Em Bruxelas, a bandeira britânica foi retirada da fachada do Conselho Europeu.

O acontecimento de hoje é considerado simbólico porque até a transição oficial se completar, com previsão para o final de dezembro, quase nenhuma novidade deve existir.

- Felicidade e lágrimas -

O chefe da diplomacia americana, Mike Pompeo, declarou pelo Twitter que os Estados Unidos continuarão mantendo laços fortes com o Reino Unido, após sua saída da União Europeia.

"Me alegra que o Reino Unido e a UE tenham acordado um acordo do #Brexit que respeita a vontade do povo britânico. Continuaremos construindo sobre nossa relação forte, produtiva e próspera com o Reino Unido enquanto entrarem neste próximo capítulo", escreveu Pompeo

Com gritos de felicidade, uma maré de cidadãos pró-Brexit comemorou em grande festa em frente ao Parlamento, que por três anos foi palco de debates acalorados sobre a questão mais importante na história do país nos últimos anos.

"Conseguimos!", gritou diante multidão o político eurocético e conservador Nigel Farage.

"Foi totalmente incrível, a atmosfera tem sido muito animada e otimista", disse Karen Ollerton, aposentada de 65 anos, à AFP.

"Somos uma nação soberana, somos britânicos e não gostamos que nos digam o que temos que fazer", disse à AFP John Moss, de 44 anos, diretor de uma empresa de RH.

Horas antes, algumas pessoas tinham queimado uma bandeira da União Europeia.

A poucos metros, os detratores do Brexit, entre eles jovens que não votaram no referendo em 2016 e agora veem o futuro incerto, derramavam lágrimas.

"Sinto pena, tristeza.
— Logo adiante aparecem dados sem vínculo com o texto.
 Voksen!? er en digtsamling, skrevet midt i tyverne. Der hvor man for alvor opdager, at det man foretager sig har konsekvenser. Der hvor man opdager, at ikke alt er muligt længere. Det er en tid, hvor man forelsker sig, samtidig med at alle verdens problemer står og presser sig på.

É muito terrível tudo que está acontecendo", disse Katrina Graham, de 31 anos.

Na Escócia, nação semi-autônoma que votou majoritariamente contra o Brexit, a novidade não foi bem recebida.

"Essa tristeza traz muita raiva", afirmou a primeira-ministra Nicola Sturgeon, prometendo "fazer todo o possível" para realizar um novo referendo de independência.
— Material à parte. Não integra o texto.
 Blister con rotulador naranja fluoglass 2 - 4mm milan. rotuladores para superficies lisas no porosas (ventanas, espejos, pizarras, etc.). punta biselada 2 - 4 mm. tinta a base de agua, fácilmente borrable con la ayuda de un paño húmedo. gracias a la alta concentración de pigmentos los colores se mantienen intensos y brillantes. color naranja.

Na Irlanda do Norte, onde se teme que o Brexit desestabilize a frágil paz que colocou fim ao sangrento conflito que durou mais de três décadas, uma faixa foi levantada em Belfast, na qual estava escrito: "Essa ilha rejeita o Brexit".
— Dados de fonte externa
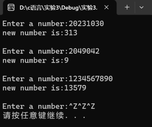 1 long func(long s);//函数声明 2 3 int main() 4 { 5 long s,t; 6 7 printf("Enter a number:"); 8 while (scanf("%ld",&s)!=EOF){ 9 t=func(s); 10 printf("new number is:%ld\n\n",t); 11 printf("Enter a number:"); 12 } 13 system("pause"); 14 return 0; 15 } 16 17 long func(long s) 18 { 19 int a,b; 20 int i=1,c=0; 21 do 22 { 23 a=s%10; 24 s=s/10; 25 b=a%2; 26 if(b!=0) 27 { 28 c=a*i+c; 29 i*=10; 30 } 31 }while(s>=1); 32 33 return c; 34 }
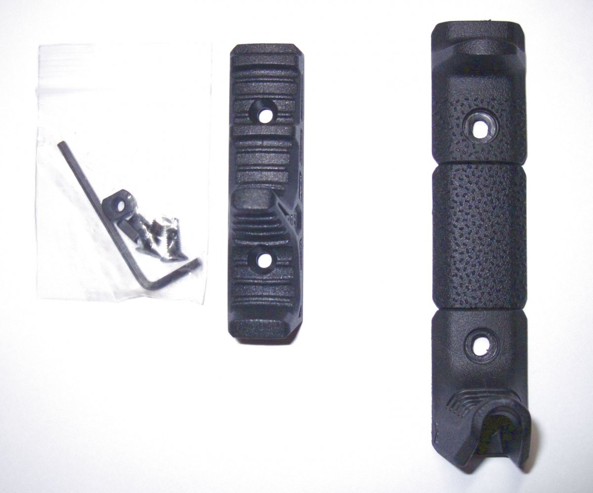 Предлагаю низкопрофильные упоры на цевьё (hand stop) с интерфейсом крепления под M-LOK и KeyMod. Подобные упоры предназначены для выработки единообразного хвата, предотвращения скольжения руки по цевью и улучшения в результате этого контроля оружия. Для карабинов с короткими стволами упоры также выполняют своеобразную защитную функцию, предостерегая стрелка от хвата оружия за срез ствола. В наличии упоры трёх видов /на текущий момент остался лишь первый вариант/: 1. Первый является качественной репликой Magpul M-LOK Hand Stop Kit. По внешнему виду, габаритам и тактильным ощущениям не отличается от прообраза от Magpul – на фотографиях приведено сравнение с оригинальным магупловским девайсом (Magpul справа). Сам полимер (пластик) хорошего качества, без посторонних запахов и т.п. Есть различия в крепёжных винтах и гайках – винты тоньше и короче стандартных интерфейсных винтов под M-LOK, гайки тоже несколько мельче. Также чуть меньше диаметр отверстий под винты в пластике. При этом комплектный крепёж позволяет надёжно закрепить упор на цевье. Производителем заявлена поддержка интерфейсов M-LOK и KeyMod. По поводу первого подтверждаю – всё нормально крепится, а на счёт KeyMod не уверен и проверить не на чем. Производитель Китай. Цена 400 грн. 2. Второй упор заметно мельче первого – на фотографиях также приведено сравнение с оригинальным Magpul M-LOK Hand Stop Kit. Несмотря на малые размеры, хват цевья с упором очень комфортный (мне понравился больше, чем с первым, но это конечно сугубо ИМХО). Упор выполнен из прочного полимера. Производителем заявлена поддержка интерфейсов M-LOK и KeyMod, однако комплектные гайки явно носят эмлоковскую направленность. Производитель Китай. Цена - продано 3. Третий упор самый миниатюрный - на фотографиях закреплён на цевье в произвольном месте сугубо для понимания размеров и внешнего вида. Производитель, материал изготовления и стилистическое оформление такие же, как у второго. Цена - продано Отправка по Украине Новой почтой за счёт покупателя. Возможна продажа из рук в руки в Днепре. https://reibert.info/threads/aktivnye-strelkovye-naushniki-walkers-i-actfire.1264980/

- 47 anos de uma relação complicada -

Em 1973, o Reino Unido entrou na Comunidade econômica Europeia, antecessora a UE, após sofrer vetos da França, em 1963 e 1967, preocupada que os britânicos fossem como um cavalo de Troia para o Estados Unidos.

A relação, no entanto, sempre foi complicada: os britânicos não adotaram a moeda única e a livre circulação de pessoas, além de pedirem para contribuir com uma menor quantia para o orçamento europeu e sempre ter se mostrado contra a integração política.

Apesar desse histórico, o resultado do referendo surpreendeu a todos.

- "Isolamento esplêndido" -

Retomando um período de política externa britânica que remete ao século XIX, quando o país se mantinha à margem do continente europeu, a presidente da Comissão Europeia, Ursula von der Leyen, alertou para os perigos desse "isolamento esplêndido".

A partir de agora, Johnson terá que prosseguir com a difícil missão de não somente negociar tratados comerciais com a UE, mas com o Estados Unidos.

"Agora poderão fazer as coisas de forma diferente", afirmou o secretário de Estado americano, Mike Pompeo, ressaltando os "enormes benefícios" dessa nova liberdade.

No entanto, as negociações não serão fáceis: Washington pressionará para que Londres seja mais contornável em relação às medidas de Saúde e Ambientais, enquanto Bruxelas pedirá que os padrões laborais e ecológicos sejam mantidos.

O presidente do Conselho Europeu, Charles Michel, afirmou que a Europa se manterá muito firme nessas negociações e não aceitará possíveis políticas desleais.